Effects of conditioning of dentin
The principal effects of conditioning of dentin may be classified as
a) Physical changes
b) Chemical changes
Physical changes
Increases or decreases in the thickness and morphology of smear layer changes in the shape of dentinal tubules.
Chemical changes
a) Modification of the fraction of organic matter
b) Decalcification of the inorganic portion
Conditioning of dentin may be done by several means
1) Chemical
a) Acids
b) Calcium chelators
2) Thermal
a) Lasers
3) Mechanical
a) Abrasion
When dentin is cut for cavity preparation, the wrenched cutting debris of the dentin forms a thin smear layer on the surface. It is also driven into the dentinal tubule apertures displacing the odontoblast process and forming a smear plug at a depth of less than 10-micron meter. Etching dissolves the smear layer and part of the peritubular dentin, leaving tapered cylindrical holes of that depth.
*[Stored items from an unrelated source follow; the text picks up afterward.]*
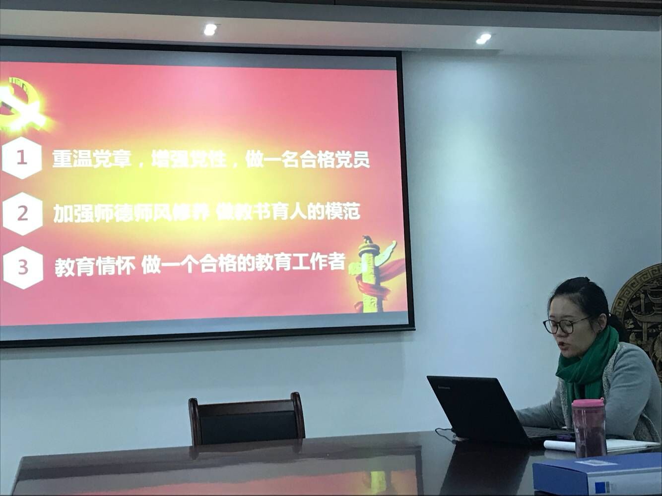 会议首先进行学习培训交流。教职工第一党支部书记程璟以“以党章为镜 抓师德师风 做合格的教育工作者”为题,从用党的理论知识和高校思想政治工作会议讲话精神指导自身工作,推进“两学一做”常态化制度化;加强师德师风建设,履行好教书育人担当和谨记立德树人根本;做一名合格教育工作者三个方面为为全体成员讲述了一堂生动的党课。接着,各支部书记对本支部开展的“两学一做”教育活动常态化制度化情况进行了汇报。
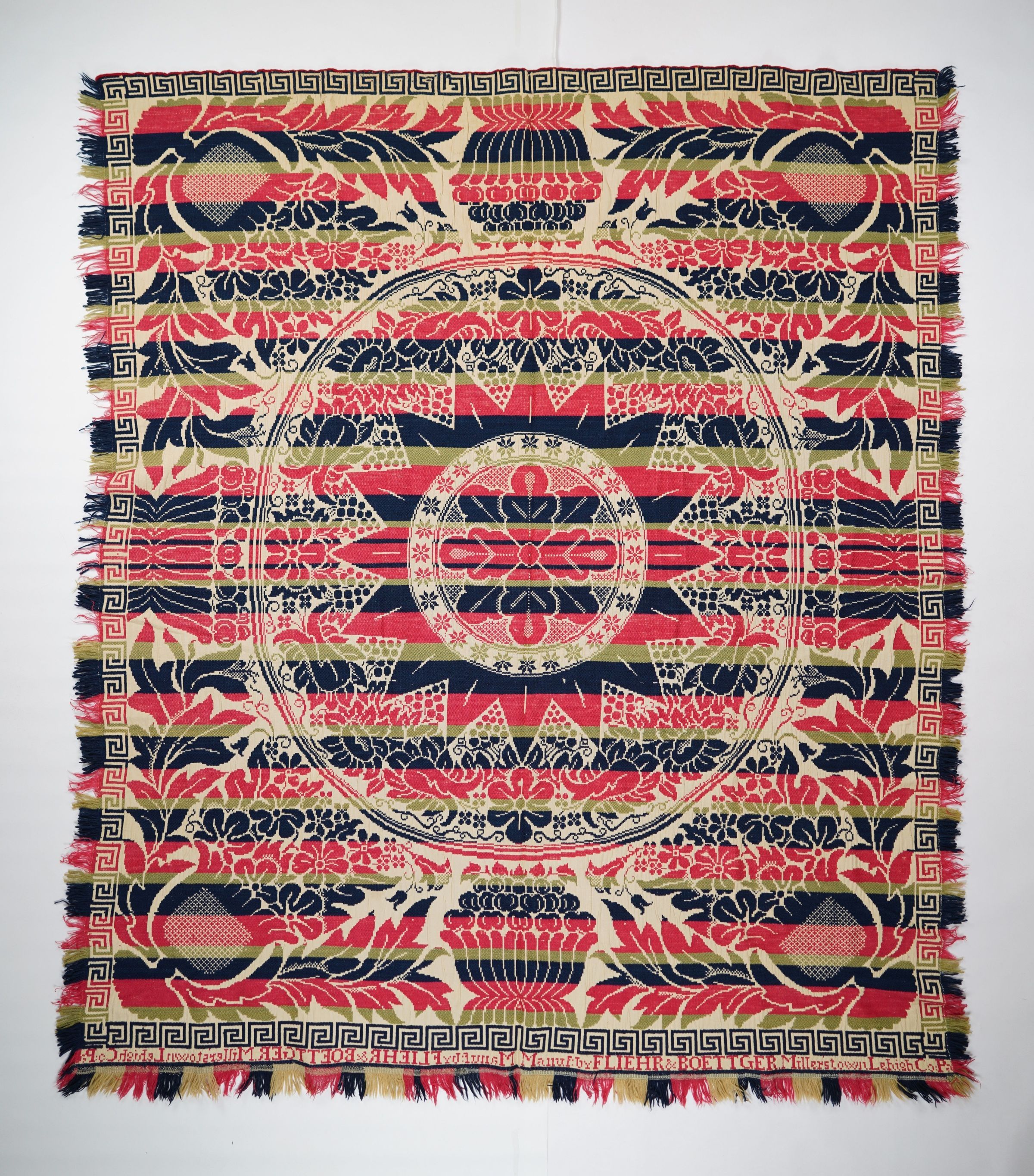 Red, green, navy, and natural figured half doublecloth center medallion coverlet with fringe on three sides. Seamless. Woven by Charles B. Fliehr and Carl Boettger in Millerstown (now Macungie), Lehigh Co., Pennsylvania.Collection
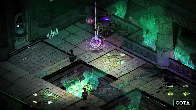 而像下图所示,《黑帝斯》中更是用了很多特效手段来烘托界面动效中的特别质感:
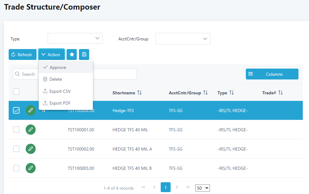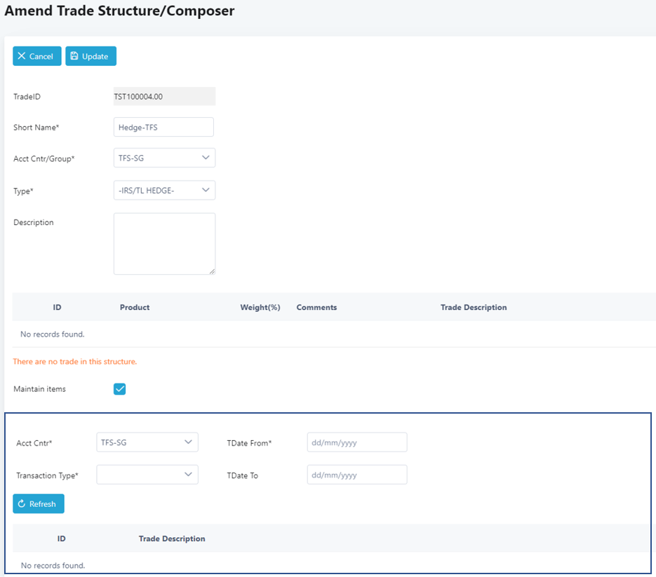 10. Once the trade structure created, click on the Trade ID to drill down to Amend Trade Structure/ Composer screen.
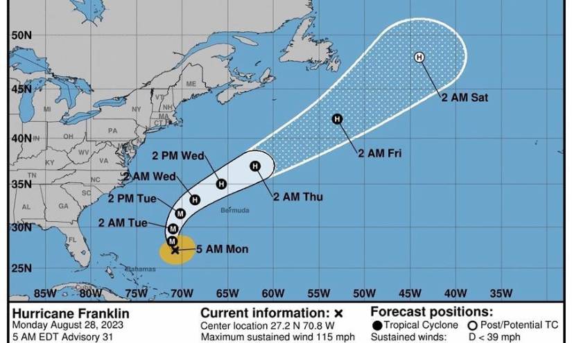 Franklin, que la semana pasada tocó tierra como tormenta tropical en el sur de República Dominicana, donde descargó lluvias intensas que provocaron inundaciones y desbordamientos, estaba esta mañana a 635 km al norte de la isla Gran Turca y a 810 km al suroeste de Bermuda.
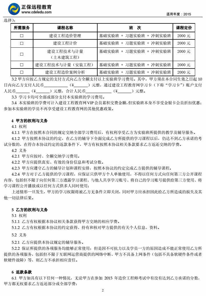 造價(jià)工程師“實(shí)驗(yàn)班”協(xié)議書
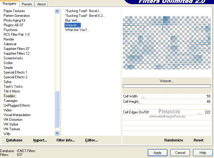 Effetti>Plugins>Filters Unlimited 2.0 - Toadies - Weaver.
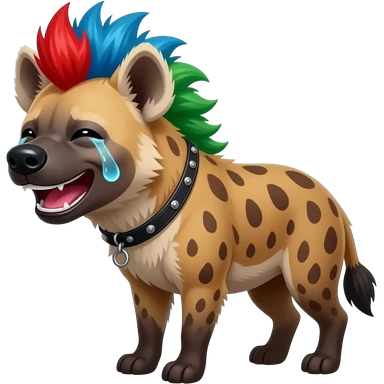 hyène punk cheveux rouge bleu vert qui rigole avec des larmes emoji
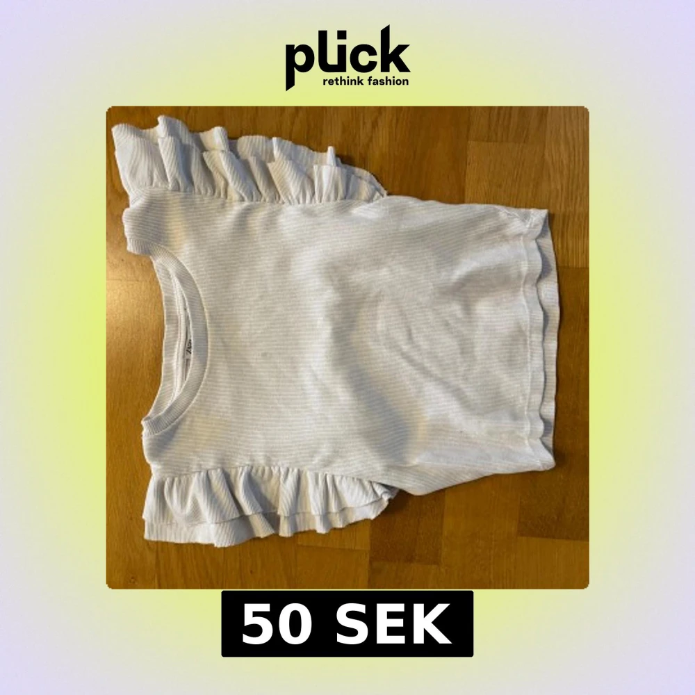 Supersöt vit ribbad topp från Zara med volangdetaljer på axlarna. Perfekt för dig som vill ha något enkelt men ändå med en twist. Rund halsringning och korta ärmar med volang. Liten defekt (se bild) men syns knappast.

In an experiment on monkey, dentin wall demineralized with a phosphoric acid jelly etchant for 60 sec was completely re-mineralized after 4 months. This results indicates that etching did not result in deleterious effect upon either the collagen fibers or the odontoblast processes, because the presence of collagen fibers maintaining their proper cross bonded structure as a base for apatite crystals to attach to and of the vital odontoblast processes to supply the calcium phosphate from the pulp is essential for remineralization of dentin.
A.J.Gwinnett and M.D.Jendresen (1978) have concluded from their experiments and observations that the surface of acid conditioned eroded dentin is significantly different from that of acid conditioned normal dentin. They further observed the depth of penetration of resin is also less in acid treated eroded dentin where many tubules remain partially occluded by intratubular insoluble deposits.
Ruse and Smith (1991) found when common conditioning agents were used, it has been found by X-ray photo electron microscopy that the outermost surface contains only 10% or less of the calcium and phosphorus initially present. They concluded that the treatment of dentin with acidic conditioners leaves the surface so depleted of calcium and enriched by organic residues that subsequently placed bonding systems should be based upon agents able to interact with organic components of dentin. Bonding agents that rely on chelation to calcium are unlikely to be successful when applied to acid etched dentin unless they penetrate into the demineralized matrix to reach normal, mineralized dentin.
Acid etching of dentin is not harmless but represents one more source of acute irritation to the pulpodentin complex in addition to the vibratory, thermal, mechanical and evaporative stimuli that accompany cavity a preparation. However, it is not as irritating as has been previously thought.
Nakabayashi (1982) introduced the concept of hybridization. The technique consists of applying an acid, ranging in concentration from 10% to 30% to the surface of dentin. Within 15 minutes the acid selectively dissolves away the inorganic component of the dentin to a depth of 5 to 10 microns. It then flows in the dentinal tubule for up to 100 microns at which point it diffuses laterally into the peri-tubular dentin for up to 10 microns.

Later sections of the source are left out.